DATA FOR THIS EXERCISE:
===

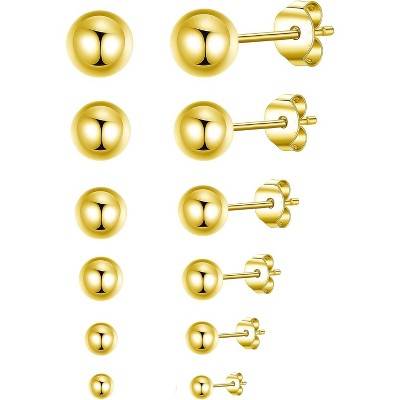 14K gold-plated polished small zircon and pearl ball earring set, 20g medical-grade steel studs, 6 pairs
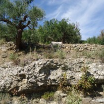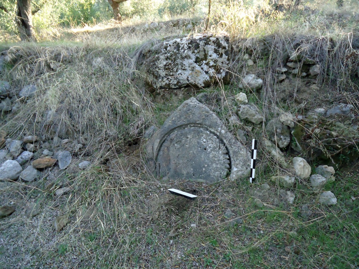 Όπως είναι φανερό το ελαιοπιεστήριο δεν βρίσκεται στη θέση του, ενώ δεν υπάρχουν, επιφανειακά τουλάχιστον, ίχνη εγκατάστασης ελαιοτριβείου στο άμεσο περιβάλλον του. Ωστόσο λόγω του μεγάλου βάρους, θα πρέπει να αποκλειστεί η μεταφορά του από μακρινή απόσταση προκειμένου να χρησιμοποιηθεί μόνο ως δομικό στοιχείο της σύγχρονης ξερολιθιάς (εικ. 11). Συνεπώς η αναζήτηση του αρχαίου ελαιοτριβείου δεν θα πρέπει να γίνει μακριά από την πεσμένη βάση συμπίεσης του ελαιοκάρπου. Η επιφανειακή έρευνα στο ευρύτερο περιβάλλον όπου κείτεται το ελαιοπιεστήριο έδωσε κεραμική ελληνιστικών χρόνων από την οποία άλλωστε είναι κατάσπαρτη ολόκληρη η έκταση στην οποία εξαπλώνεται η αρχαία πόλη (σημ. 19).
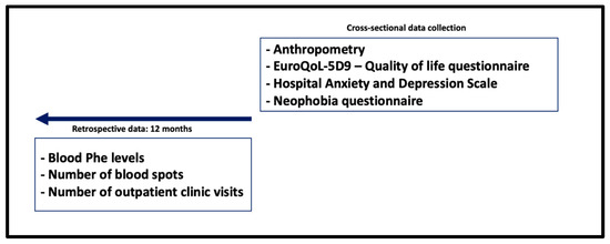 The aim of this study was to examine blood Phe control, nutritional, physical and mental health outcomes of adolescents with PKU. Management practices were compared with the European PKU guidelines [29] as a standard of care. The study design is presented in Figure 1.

===

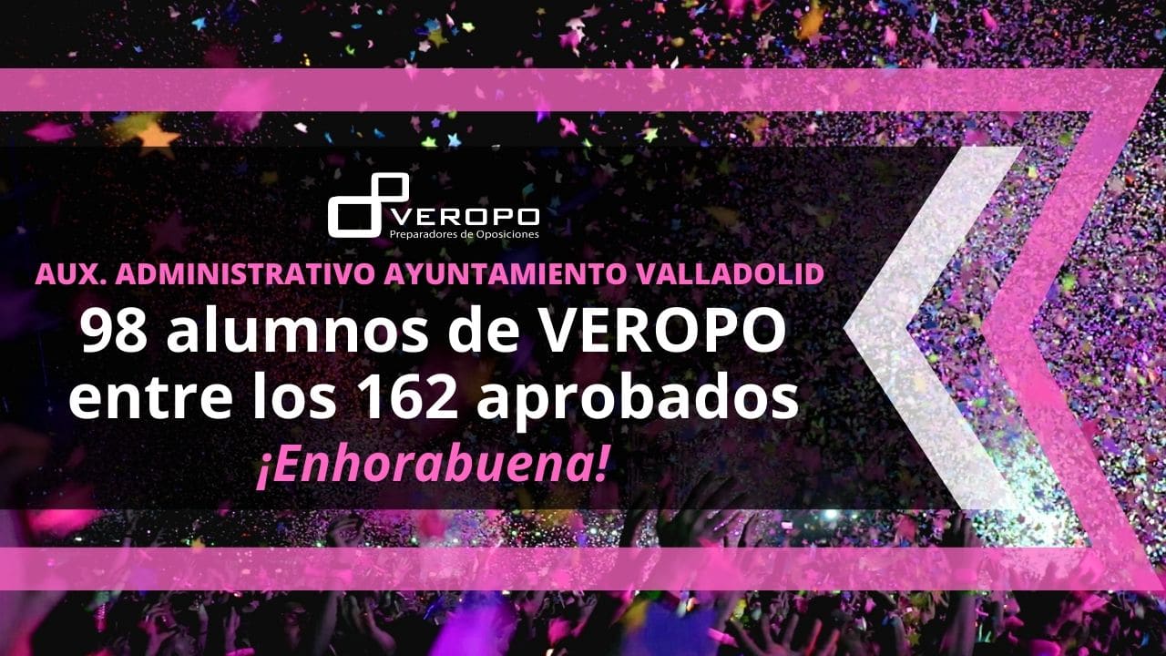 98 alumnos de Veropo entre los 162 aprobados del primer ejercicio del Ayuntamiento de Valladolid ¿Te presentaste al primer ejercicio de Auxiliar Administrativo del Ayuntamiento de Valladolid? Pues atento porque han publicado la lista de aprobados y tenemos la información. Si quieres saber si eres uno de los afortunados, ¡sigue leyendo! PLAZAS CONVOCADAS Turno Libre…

===

WORK REQUEST:
Pictures aside, print exactly the lines above starting with the one containing "14K gold-plated polished" and going on through the one containing "The aim of this".

SOLUTION BELOW:
 14K gold-plated polished small zircon and pearl ball earring set, 20g medical-grade steel studs, 6 pairs
 Όπως είναι φανερό το ελαιοπιεστήριο δεν βρίσκεται στη θέση του, ενώ δεν υπάρχουν, επιφανειακά τουλάχιστον, ίχνη εγκατάστασης ελαιοτριβείου στο άμεσο περιβάλλον του. Ωστόσο λόγω του μεγάλου βάρους, θα πρέπει να αποκλειστεί η μεταφορά του από μακρινή απόσταση προκειμένου να χρησιμοποιηθεί μόνο ως δομικό στοιχείο της σύγχρονης ξερολιθιάς (εικ. 11). Συνεπώς η αναζήτηση του αρχαίου ελαιοτριβείου δεν θα πρέπει να γίνει μακριά από την πεσμένη βάση συμπίεσης του ελαιοκάρπου. Η επιφανειακή έρευνα στο ευρύτερο περιβάλλον όπου κείτεται το ελαιοπιεστήριο έδωσε κεραμική ελληνιστικών χρόνων από την οποία άλλωστε είναι κατάσπαρτη ολόκληρη η έκταση στην οποία εξαπλώνεται η αρχαία πόλη (σημ. 19).
 The aim of this study was to examine blood Phe control, nutritional, physical and mental health outcomes of adolescents with PKU. Management practices were compared with the European PKU guidelines [29] as a standard of care. The study design is presented in Figure 1.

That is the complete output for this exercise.